Evening: You distill what you found into a single slide. You write down clearly “So here’s what we should do.” This one sentence is often far more important than the code.

The coolest part? You’re constantly switching modes: an engineer writing code, a statistician staring at numbers, a consultant persuading the room, and a critical thinker who can say “Actually, this question itself is wrong?”, you do all of it in a single day.

Why this job is awesome ✨

Let me be honest with you. The data scientist was once called “the sexiest job of the 21st century” (HBR, 2012, co-authored by DJ Patil). Even now that the hype has died down, the reasons it’s awesome are clear.

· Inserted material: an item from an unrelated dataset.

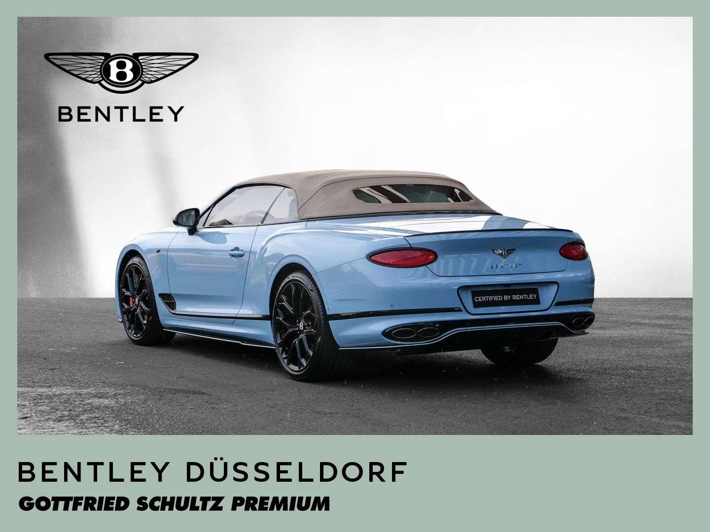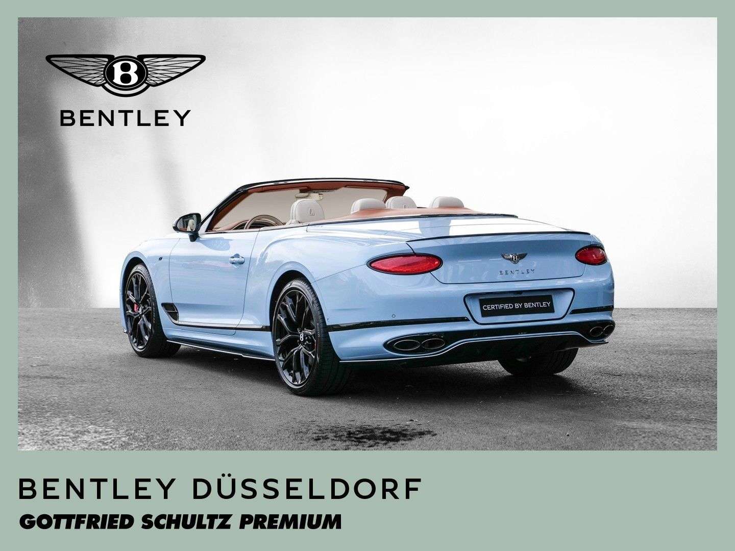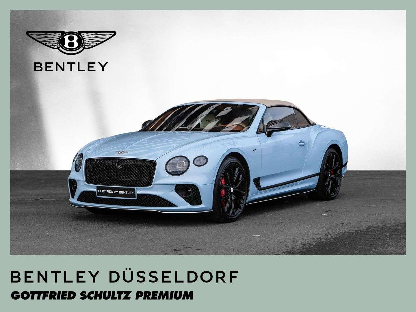des Fahrzeuges: DüsseldorfBentley Continental GTC S V8 Fahrzeug aus VorbesitzFarbkombination:Außenfarbe: Jetstream II (babyblau)Hauptleder: Linen (beige)Zweitleder: Newmarket Tan (braun)Furnier: Carbon FibreSonderausstattung:Extended Range Lackierung in Jetstream II22“ Leichtmetallsportfelge im 10-Speichen-Design, schwarz lackiertSelbstnivellierende Bentley Embleme auf den FelgenAußendachfarbe in TweedCarbonaußenteile mit Jetstream II Akzenten versehenTouring Specificationyling SpecificationColour SpecificationKomfortausstattung für die VordersitzeSitzflächen und Türeinlagen in Leder mit DiamantsteppungFurnier in High Gloss CarbonSitzgurte in KontrastfarbeKreuzstichnähte – by Mullinerzusätzliche “Diamant-Riffelung” der LüftungseinlässeAmbientebeleuchtung inkl. beleuchtete Einstiegsleistehochflorige Fußmatten mit Ledereinfassung vorneFußmatteneinfassung in Kontrastleder3-Speichen Lederlenkrad, 2-farbig, beheizbar, mit geprägtem LederSportpedalerieLED Bodenbeleuchtung mit Bentley-Emblem vor Türen„NAIM for Bentley“ Highend AudiosystemMulliner Tankverschluss und ÖleinfülldeckelRotierendes Display, 3-FachGaragentoröffner, 3-fachBatterieladezustanderhaltungsgeräteinschlagschutzfolie (Front)Carbon Spiegelkappen...Änderungen, Zwischenverkauf und Irrtümer vorbehalten.

You get your hands on real decisions. What Netflix recommends, who a bank approves for a loan, which patient a hospital sees first, behind these decisions there’s a data scientist. A single line of the model you built can change the experience of millions of people.

Digging all the way into “why?” becomes your job. For a curious person, this is heaven. Poking into “what’s this pattern?” is the work, and when you find the answer they pay you and praise you for it.

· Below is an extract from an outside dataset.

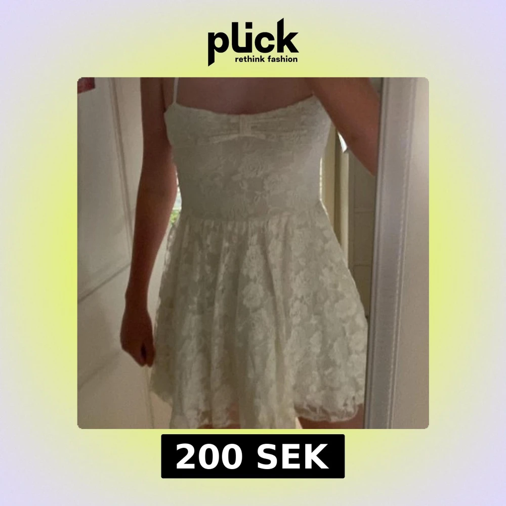 Supersöt vit kort klänning från Gina Tricot i storlek XS. Klänningen har tunna axelband, spets med blommigt mönster och en liten rosett framtill. Perfekt för sommarens alla tillfällen när du vill känna dig extra fin.

There are genuinely rewarding moments too:

When you discover an insight nobody knew and the company changes direction (“Wait? That feature we thought was a failure is actually the thing keeping our core customers around”)
When a single clean chart makes the whole room go “ohhh…”
When the revenue graph bends upward thanks to the recommendation system you built

On top of that, the future keeps getting more interesting. Things like LLMs, generative AI, causal inference tools, and MLOps are opening new doors that the previous generation of data scientists never had. (More on that in section 2.)

A cold reality check ⚠️

If you’re considering becoming a data scientist even a little, you deserve to know the truth, not the Instagram highlight reel.

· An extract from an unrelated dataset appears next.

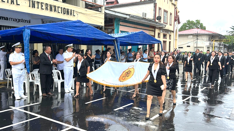 A pesar de la constante lluvia, la delegación del Ministerio Público desfiló con firmeza y espíritu cívico, siendo seguida por las representaciones de la Unidad Médico Legal, la Unidad Distrital de Asistencia a Víctimas y Testigos (Udavit), y el Programa de Justicia Juvenil Restaurativa. Este último tuvo una participación simbólica y conmovedora, al desfilar sus integrantes portando antifaces, como representación del proceso de reflexión, reintegración y oportunidad que promueve dicho programa en jóvenes en conflicto con la ley penal.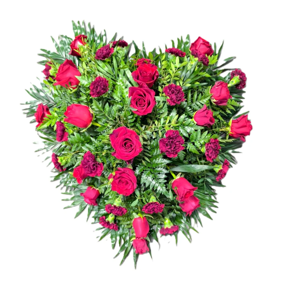 Wieniec leżący, w kształcie serca, wykonany z miksu kwiatów czerwonych. Jeśli zależy Państwu na innej kolorystyce wieńca prosimy o wpisanie takiej informacji w polu uwagi.

80% of the work isn’t glamorous. The “building cool AI” you see in movies is one slice of the job. The reality is data cleaning, filling in blanks, standardizing formats, hunting down a value someone entered wrong. There’s even a running joke that “80% of data science is data cleaning, and the other 20% is complaining about data cleaning.” 😅

The “ambiguous job” trap. What a data scientist actually does varies wildly from company to company. At one place you build machine learning models, at another you just build dashboards (which is really closer to a data analyst), and at another you build data pipelines (that’s a data engineer). Before you join, you absolutely must ask “What exactly does a data scientist do at this company?”

The gap between expectations and reality is huge. Executives often misunderstand data science as “magic” and expect unrealistic things. Stuff like “Use AI to predict next quarter’s revenue exactly.” That’s why there’s a statistic that the average tenure of a data scientist is only 1.7 years, a mismatch of expectations is a big cause.

Correcting a misconception: data science isn’t about “a genius building AI alone.” Most of it is messy reality + persuading people + relentless debugging. You have to be able to enjoy that to last.

2. Will this job still be promising in the future? 📈

A reality check on the job market

Good news: demand is still strong. According to the US Bureau of Labor Statistics (BLS), data scientist is one of the fastest-growing occupations, with about 23,400 new jobs opening per year from 2024–2034 and an estimated employment growth rate of about 34% (several times the average across all jobs). McKinsey projected that US demand for data scientists would exceed supply by more than 50%.

Bad news: that doesn’t mean getting in is easy. A polarization is underway where “junior positions shrink while demand for senior/specialized talent grows.” People who can do only basic analysis have become common, and as AI automates that part, the value of “just an average data scientist” is dropping. You need to differentiate.

Will AI replace this job?

This is Reputo’s core perspective. AI isn’t replacing data scientists, it’s reshaping them. Let’s look precisely at what’s happening.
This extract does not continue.